Overview #
A histogram is a visualization that shows the spread of a numerical variable.
The way histograms are assembled is by taking a numerical variable, and chunking the data up into bins. Each bin reflects a count of the number of observations that fall within a range.
For example, if we have a super simple numerical variable made up of 1, 3, 5, 7, 11, 13
, and we define two bins, where one bin includes everything from 0 to 10, and the other bin containing everything everything above 10 to 20, then the bin from 0 to 10 includes 4 observations, and the bin from above 10 to 20 includes two observations.
Visually, a histogram looks very much like a bar plot. Along the horizontal x-axis are the bins, and the height of the bars as reflected along the vertical y-axis shows how many observations appear within particular bins.
Bins #
The number of bins chosen is really up to the visualization designer.
In general, there should be enough bins to convey a sense of the spread of observations, but not so many that the sense of patterns is lost.
Data #
At a minimum, a histogram requires a single numerical variable.
Numerical
simply means that the data should be made up of numbers.
R #
There are two common ways to display a histogram: by using the built in hist()
function in base R, or by using ggplot2.
For these R examples, we’ll use the price
field that comes along with the diamonds
sample dataset that is included with ggplot2, which includes over 53,000 records.
## [1] 326 326 327 334 335 336 336 337 337 338 339 340 342 344 345
## [16] 345 348 351 351 351 351 352 353 353 353 354 355 357 357 357
## [31] 402 402 402 402 402 402 402 402 403 403 403 403 403 403 403
## [46] 403 403 403 404 404 404 404 404 404 404 405 405 405 405 405
## [61] 552 552 552 552 552 553 553 553 553 553 553 554 554 554 554
## [76] 554 554 554 554 554 554 554 554 554 554 554 554 554 554 554
## [91] 2757 2757 2757 2759 2759 2759 2759 2759 2760 2760
Base R #
Base R includes a super simple (but pretty bland) way of rendering histograms.
hist(diamonds$price)
There we have it: with a single line of code made up of one function and one parameter, we have a histogram.
It can be further refined with many additional variables, including:
main
– define the main title of the plotxlab
– define the x-axis labelylab
– define the y-axis label
For instance:
hist(
diamonds$price,
main = "Histogram of the Price of Diamonds",
xlab = "Ranges",
ylab = "Count"
)
ggplot2 #
With the ggplot2 package, a histogram can be generated using the geom_histogram()
function.
ggplot(data = diamonds) +
geom_histogram(aes(x = price))
## `stat_bin()` using `bins = 30`. Pick better value with `binwidth`.
Note that until hist()
, which expects a numerical vector, ggplot2 expects the incoming data to be a data frame. It’s the aesthetic mapping (aes()

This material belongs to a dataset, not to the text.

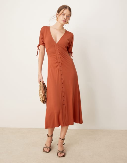 ASOS DESIGN button through midi tea dress with tie sleeve in red
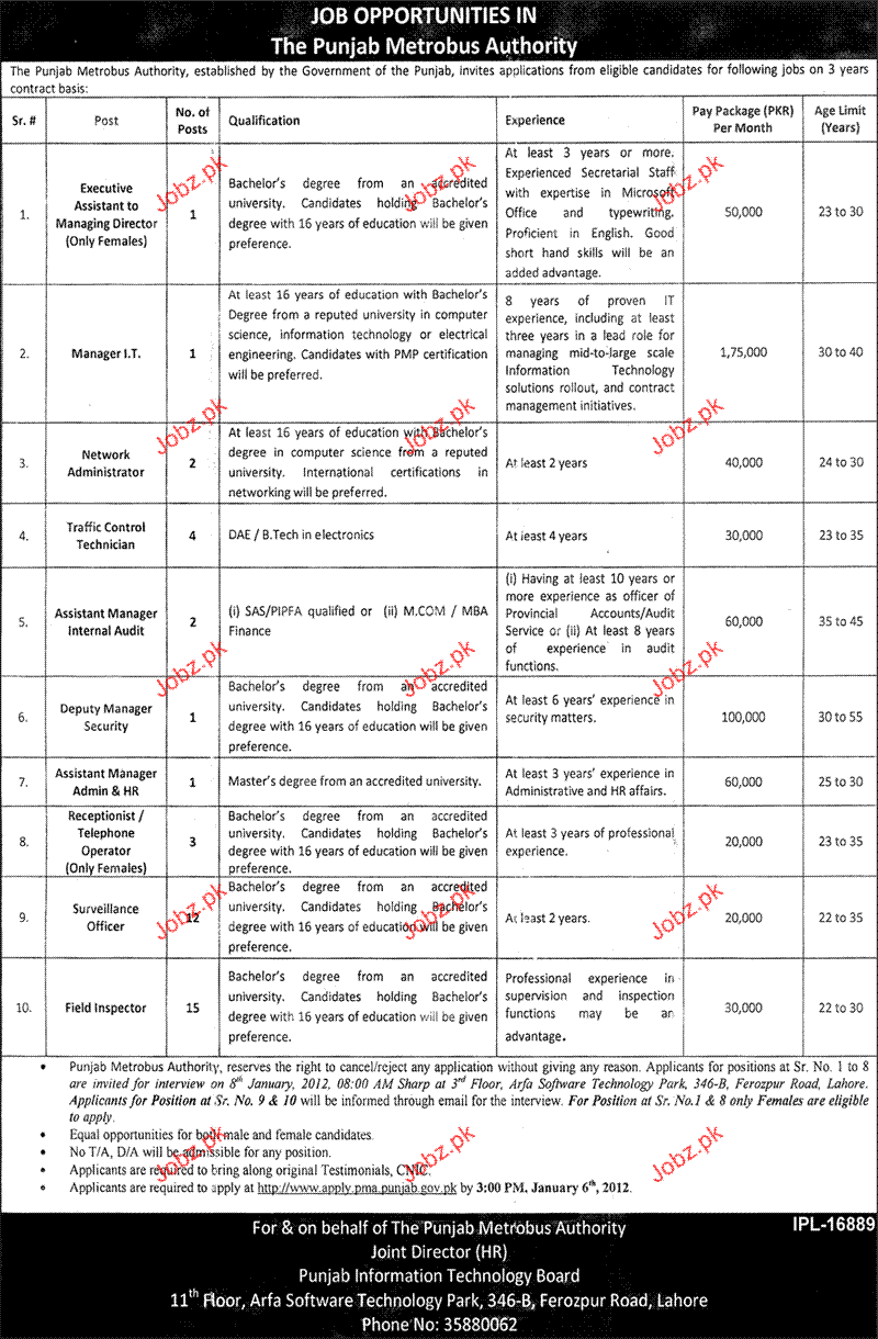Apply as per details in job advertisement. Login to view further details of how to apply via https://www.jobz.pk online.

) that specifies which field to use to generate the histogram.
By default, geom_histogram()
generates histograms with 30 bins. This might not be ideal.
The number of bins can be explicitly specified with the bins
parameter.
ggplot(data = diamonds) +
geom_histogram(
aes(x = price),
bins = 100
)
Let’s polish up the histogram some.
ggplot(data = diamonds) +
geom_histogram(
aes(x = price),
bins = 100,
color = "white", # define the color of the outline of each of the bars
fill = "orange" # define the color fill for each bar
) +
labs( # assign some labels
title = "Histogram of Diamond Prices",
x = "Price",
y = "Count"
)
With that, we now have a slightly more polished histogram.